-- Opening Marker --

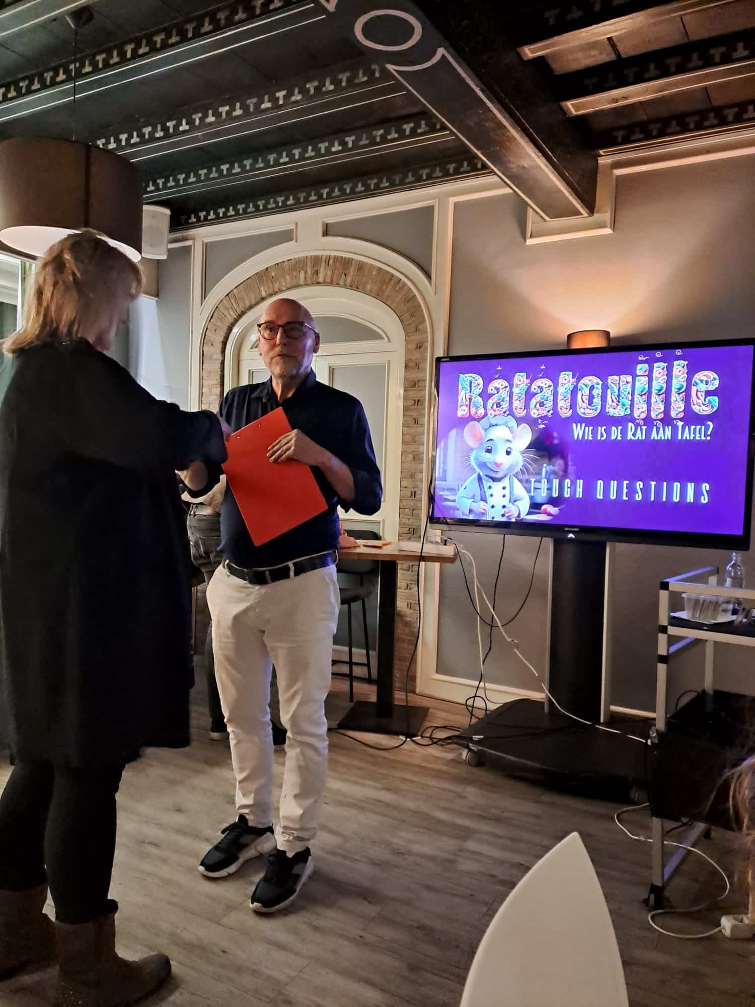 De show bestaat uit diverse uitdagingen voor lichaam en geest. Op een groot scherm maar ook in de app en vele handzame puzzels worden de kandidaten getest op hun kennis, inzicht en doortastendheid. Maar...  er is ook iemand in het spel die de boel wil verstieren. Dat is de Rat! Weet jullie team hem of haar te ontmaskeren en het meeste geld te verdienen dan winnen jullie, maar weet de rat onopgemerkt te blijven dan wint de Rat!  Aansluitend kan er ook nog gekozen worden voor een uurtje  DJ'en onder het motto Klaas Draait Door! Immers we hebben al een mooi strak geluid opgesteld.  LET OP: Prijs is P.P. en natuurlijk zonder eten en drinken want dat is afhankelijk van het restaurant en het drank arrangement dat gekozen wordt. En onze prijzen zijn altijd bespreekbaar.
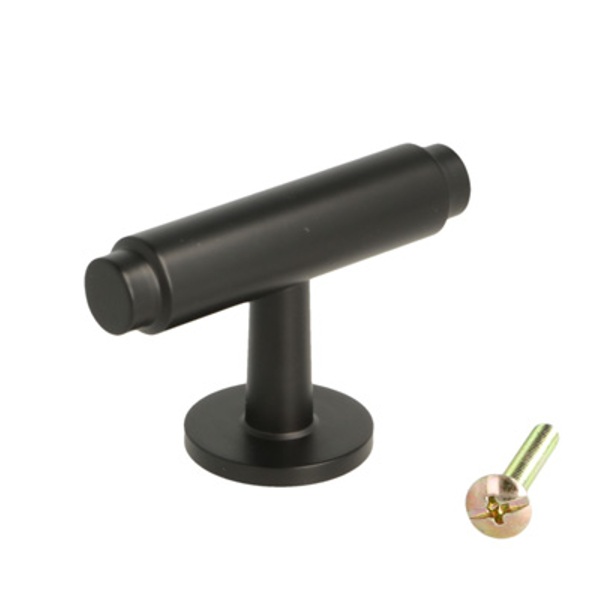 T-Handle "Nox" ø13x56mm, H:36mm, Black Finish, Brass Material, Incl. 1 Pcs of M4x25mm. Screw + 1 Pcs of M4x30mm 15/15mm. Hangerbolt
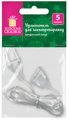 Электрический удлинитель представляет собой медный провод, помещенный в термическую усадочную трубку из поливинилхлорида, оснащенную штепсельной вилкой с одного конца провода и штепсельной розеткой – с другой. Тип используемой штепсельной вилки для соединения с источником питания – europlug (CEE 7/4). Данный тип вилки рассчитан на напряжение до 230 В и ток силой до 16 А. Длина провода – 5 м. Удлинитель предназначен для подключения электрогирлянд в местах, удалённых от стационарных розеток, и только внутри помещений.
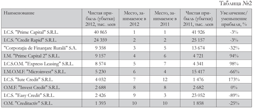 Гораздо больше изменений произошло за год по показателю чистой прибыли. Несмотря на небольшое снижение показателей, лидеры остались прежними. Их доля в совокупном объеме прибыли всех МФО составляет 71,7%. Это - I.C.S. ”Prime Capital» S.R.L. и I.C.S. «Credit Rapid» S.R.L. В первую десятку ворвался I.C.S. «Iute Credit» S.R.L., увеличив за год прибыль на 173%. Наибольшие изменения коснулись МФО, занимавших в прошлом году позиции с 3 по 7 места, что видно в таблице №2.
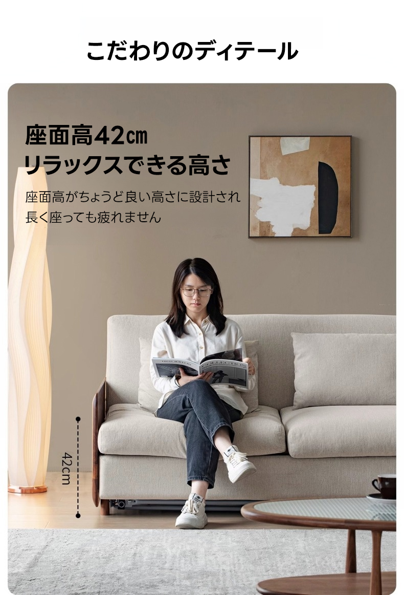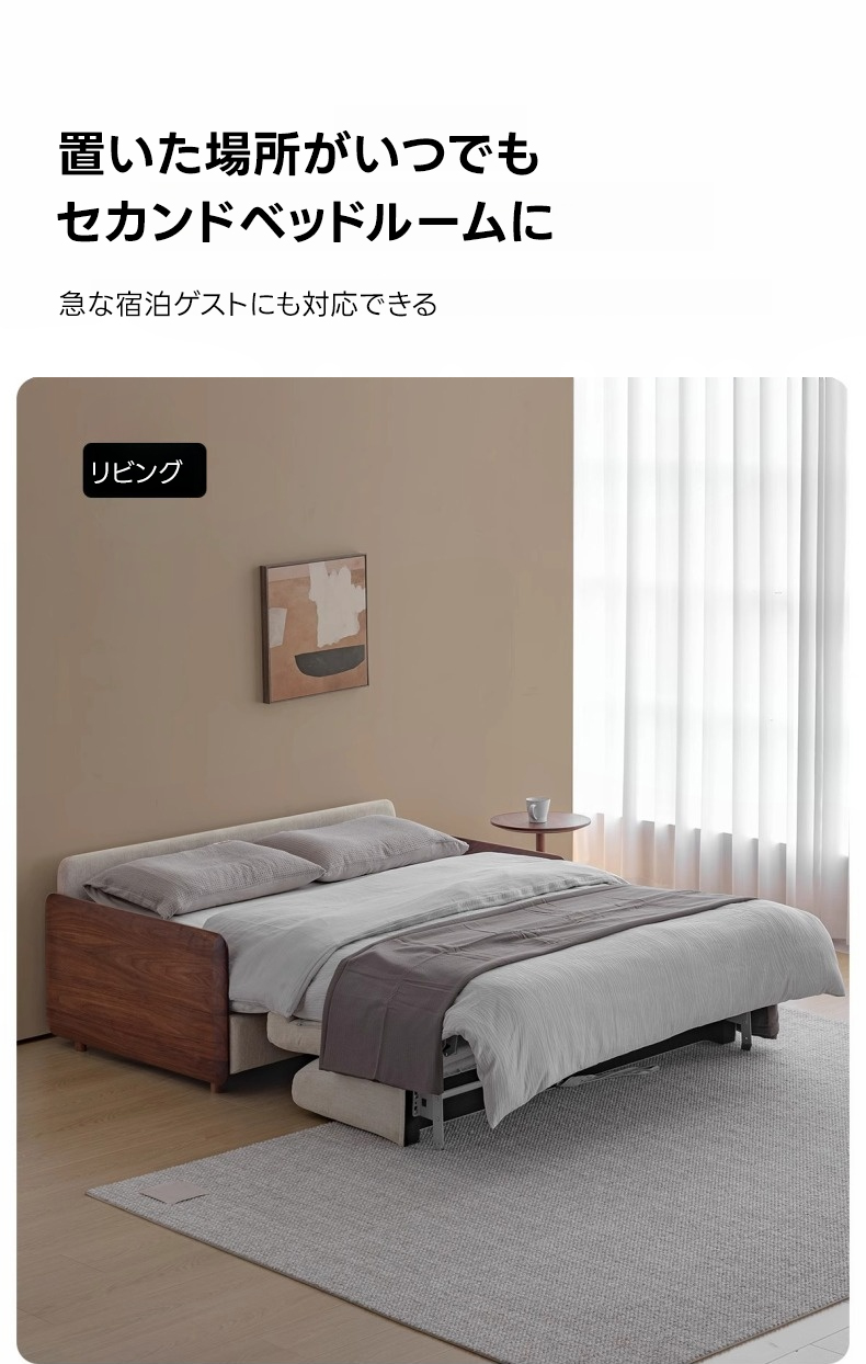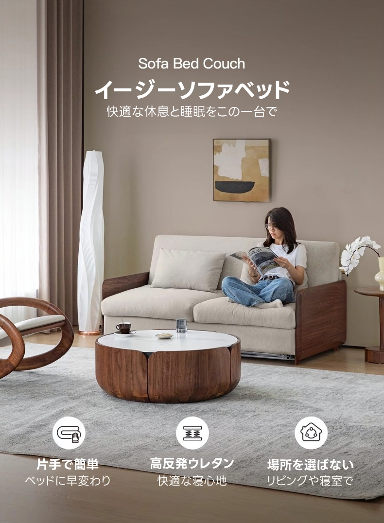 - 【簡単な切り替え機能】:このソファベッドは片手で簡単にソファからベッドに変換可能です。1.4mのダブルベッドとして使用でき、急な来客にも対応します。リビングや寝室での多用途な使い方が可能です。

-- Closing Marker --

-- Directions for this task --
An exact copy of every entry, pictures left out, is what to write here.

-- Output of the task --
 De show bestaat uit diverse uitdagingen voor lichaam en geest. Op een groot scherm maar ook in de app en vele handzame puzzels worden de kandidaten getest op hun kennis, inzicht en doortastendheid. Maar...  er is ook iemand in het spel die de boel wil verstieren. Dat is de Rat! Weet jullie team hem of haar te ontmaskeren en het meeste geld te verdienen dan winnen jullie, maar weet de rat onopgemerkt te blijven dan wint de Rat!  Aansluitend kan er ook nog gekozen worden voor een uurtje  DJ'en onder het motto Klaas Draait Door! Immers we hebben al een mooi strak geluid opgesteld.  LET OP: Prijs is P.P. en natuurlijk zonder eten en drinken want dat is afhankelijk van het restaurant en het drank arrangement dat gekozen wordt. En onze prijzen zijn altijd bespreekbaar.
 T-Handle "Nox" ø13x56mm, H:36mm, Black Finish, Brass Material, Incl. 1 Pcs of M4x25mm. Screw + 1 Pcs of M4x30mm 15/15mm. Hangerbolt
 Электрический удлинитель представляет собой медный провод, помещенный в термическую усадочную трубку из поливинилхлорида, оснащенную штепсельной вилкой с одного конца провода и штепсельной розеткой – с другой. Тип используемой штепсельной вилки для соединения с источником питания – europlug (CEE 7/4). Данный тип вилки рассчитан на напряжение до 230 В и ток силой до 16 А. Длина провода – 5 м. Удлинитель предназначен для подключения электрогирлянд в местах, удалённых от стационарных розеток, и только внутри помещений.
 Гораздо больше изменений произошло за год по показателю чистой прибыли. Несмотря на небольшое снижение показателей, лидеры остались прежними. Их доля в совокупном объеме прибыли всех МФО составляет 71,7%. Это - I.C.S. ”Prime Capital» S.R.L. и I.C.S. «Credit Rapid» S.R.L. В первую десятку ворвался I.C.S. «Iute Credit» S.R.L., увеличив за год прибыль на 173%. Наибольшие изменения коснулись МФО, занимавших в прошлом году позиции с 3 по 7 места, что видно в таблице №2.
 - 【簡単な切り替え機能】:このソファベッドは片手で簡単にソファからベッドに変換可能です。1.4mのダブルベッドとして使用でき、急な来客にも対応します。リビングや寝室での多用途な使い方が可能です。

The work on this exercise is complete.